● The input:
******************************
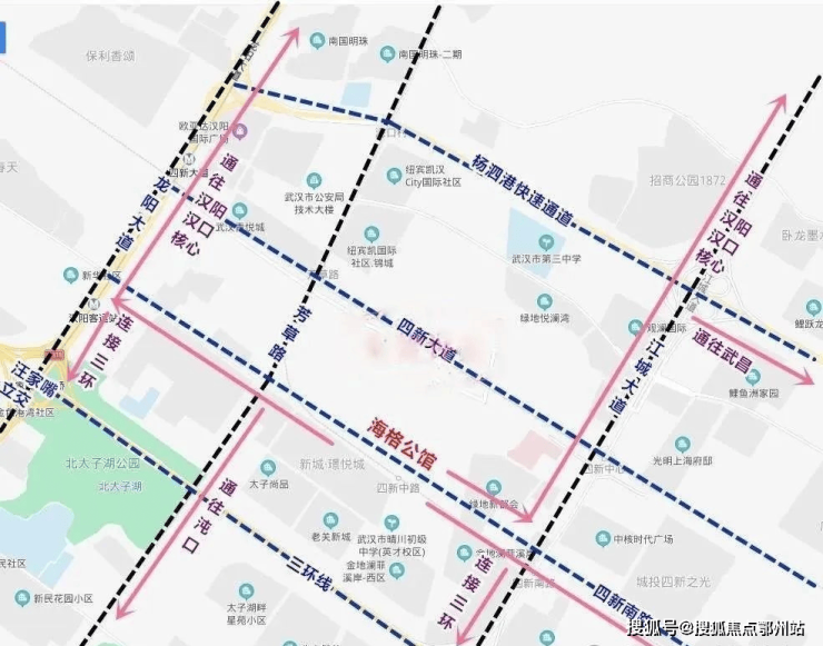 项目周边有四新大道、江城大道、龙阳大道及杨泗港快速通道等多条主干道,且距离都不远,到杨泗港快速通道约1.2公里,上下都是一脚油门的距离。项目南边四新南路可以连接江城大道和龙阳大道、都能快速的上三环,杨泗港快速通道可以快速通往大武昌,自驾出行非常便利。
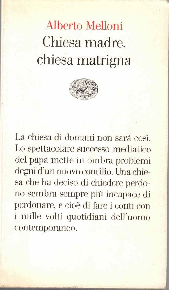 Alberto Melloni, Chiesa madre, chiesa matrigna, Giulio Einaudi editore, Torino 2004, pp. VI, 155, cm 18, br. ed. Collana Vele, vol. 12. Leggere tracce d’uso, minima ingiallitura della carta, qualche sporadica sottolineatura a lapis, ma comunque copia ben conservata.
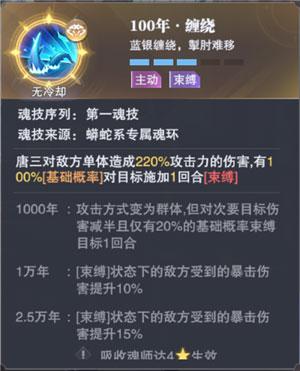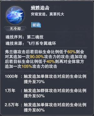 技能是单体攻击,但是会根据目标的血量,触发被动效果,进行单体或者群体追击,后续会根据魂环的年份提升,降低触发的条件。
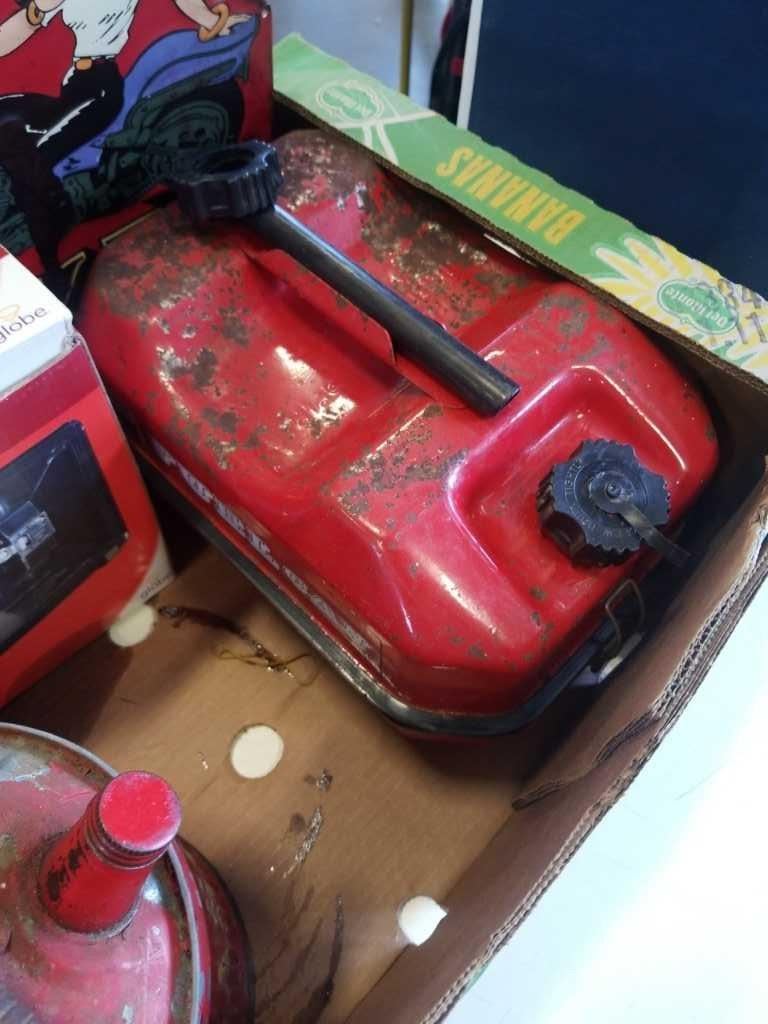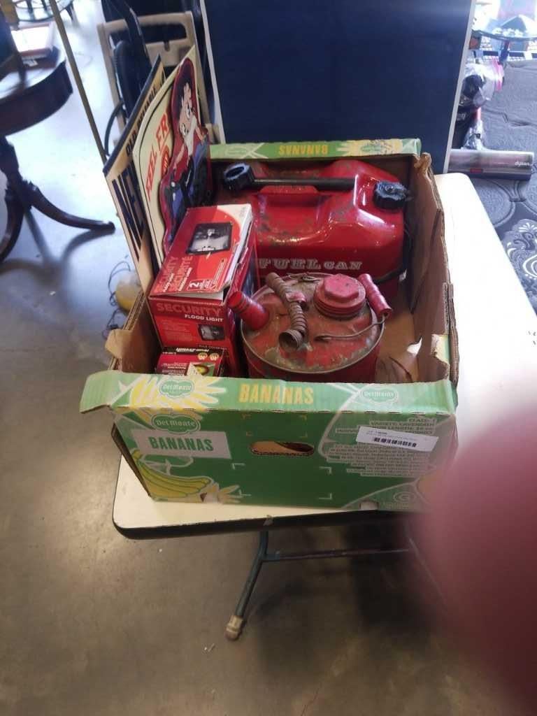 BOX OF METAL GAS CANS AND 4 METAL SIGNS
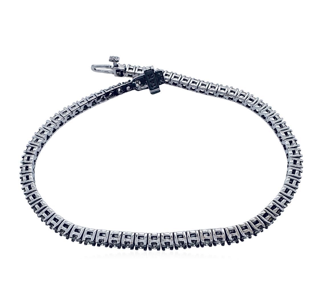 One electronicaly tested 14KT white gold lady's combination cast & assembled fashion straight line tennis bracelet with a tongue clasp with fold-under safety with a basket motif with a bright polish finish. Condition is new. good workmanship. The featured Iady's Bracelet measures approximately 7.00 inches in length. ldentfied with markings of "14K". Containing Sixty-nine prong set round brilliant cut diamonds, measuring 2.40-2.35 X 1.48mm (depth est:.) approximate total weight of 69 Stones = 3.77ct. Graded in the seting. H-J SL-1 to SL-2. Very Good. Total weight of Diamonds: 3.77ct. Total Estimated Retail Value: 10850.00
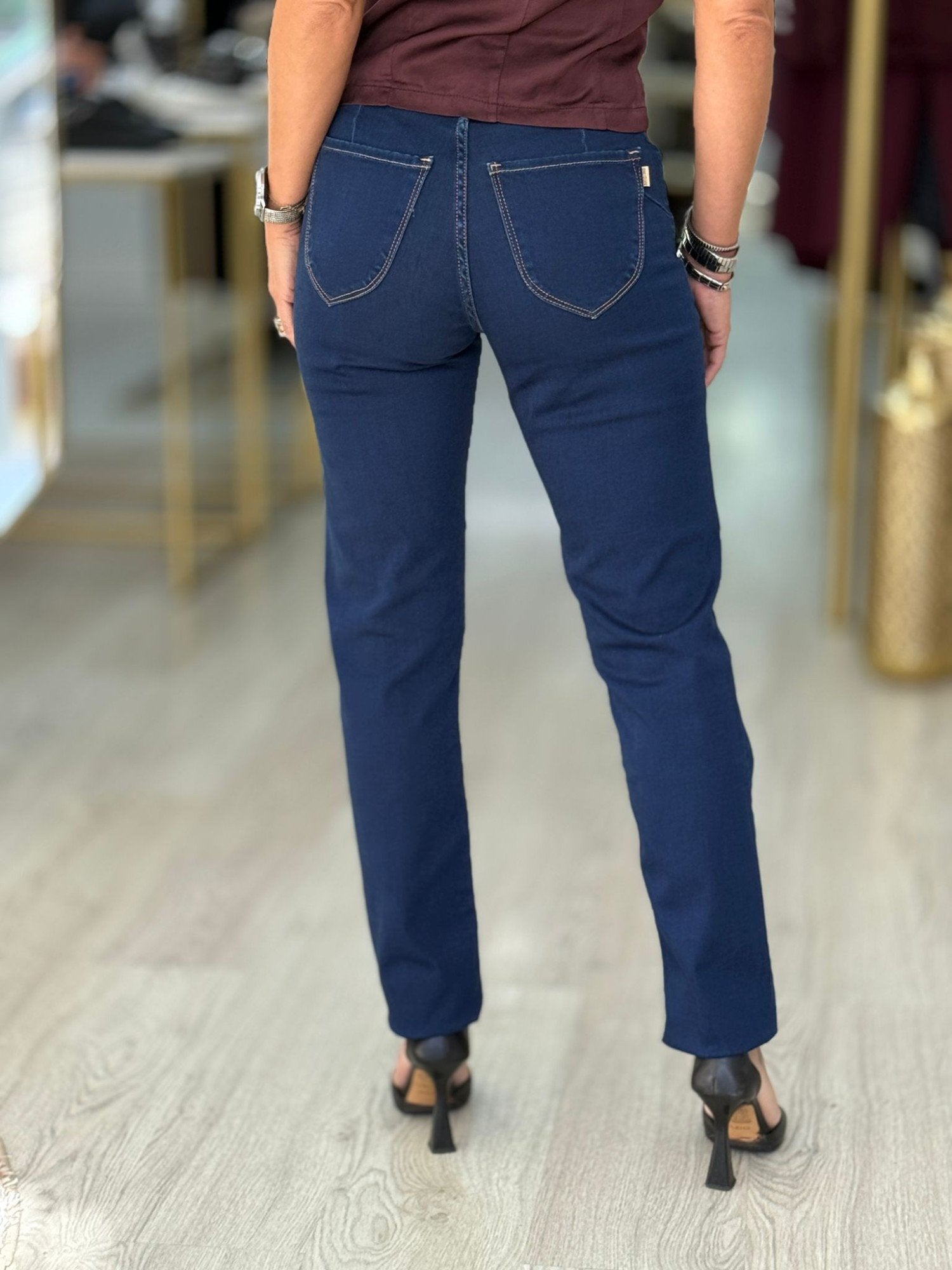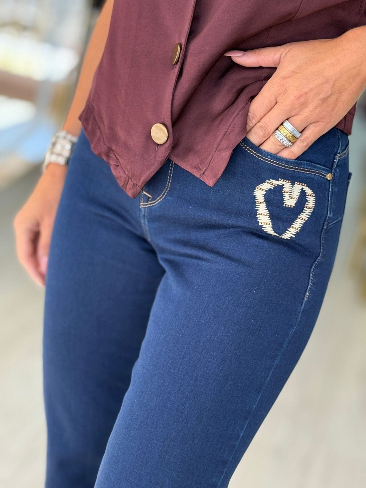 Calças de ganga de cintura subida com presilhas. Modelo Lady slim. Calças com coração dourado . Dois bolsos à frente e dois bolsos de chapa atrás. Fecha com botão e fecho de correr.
******************************
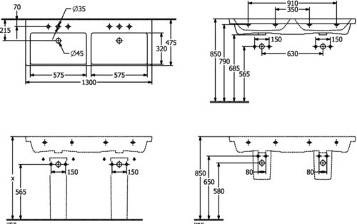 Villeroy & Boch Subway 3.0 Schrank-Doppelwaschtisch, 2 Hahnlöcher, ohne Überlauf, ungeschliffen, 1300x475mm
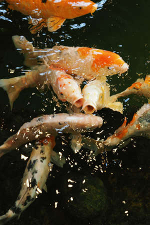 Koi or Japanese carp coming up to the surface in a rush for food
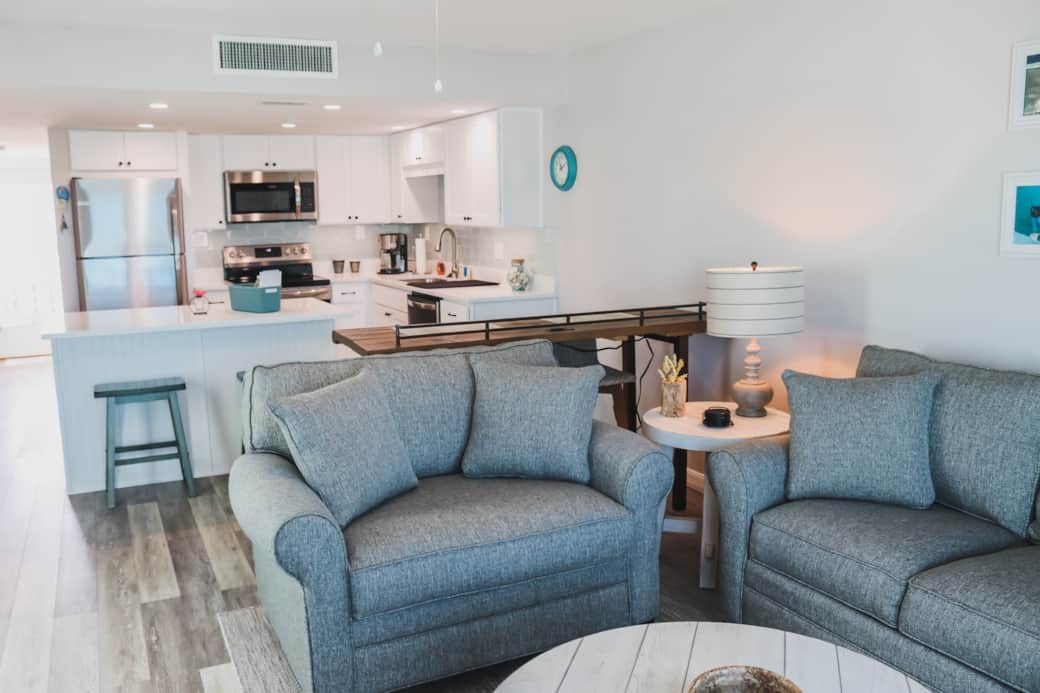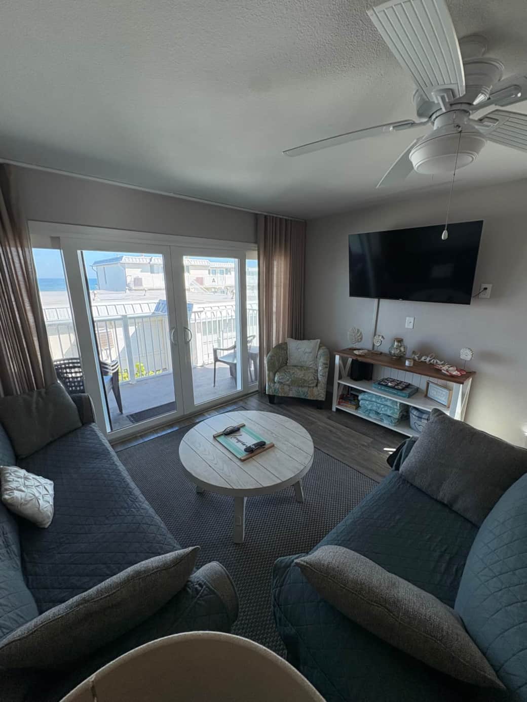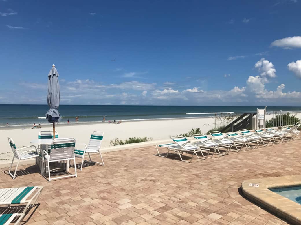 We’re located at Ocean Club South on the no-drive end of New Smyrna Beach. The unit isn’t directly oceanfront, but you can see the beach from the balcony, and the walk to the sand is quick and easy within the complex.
******************************
● Task requirements: Copy exactly the part of the material above that opens with the line containing "Villeroy & Boch" and closes with the line containing "Koi or Japanese", ends included. Drop the images.

● Answer for this exercise:
 Villeroy & Boch Subway 3.0 Schrank-Doppelwaschtisch, 2 Hahnlöcher, ohne Überlauf, ungeschliffen, 1300x475mm
 Koi or Japanese carp coming up to the surface in a rush for food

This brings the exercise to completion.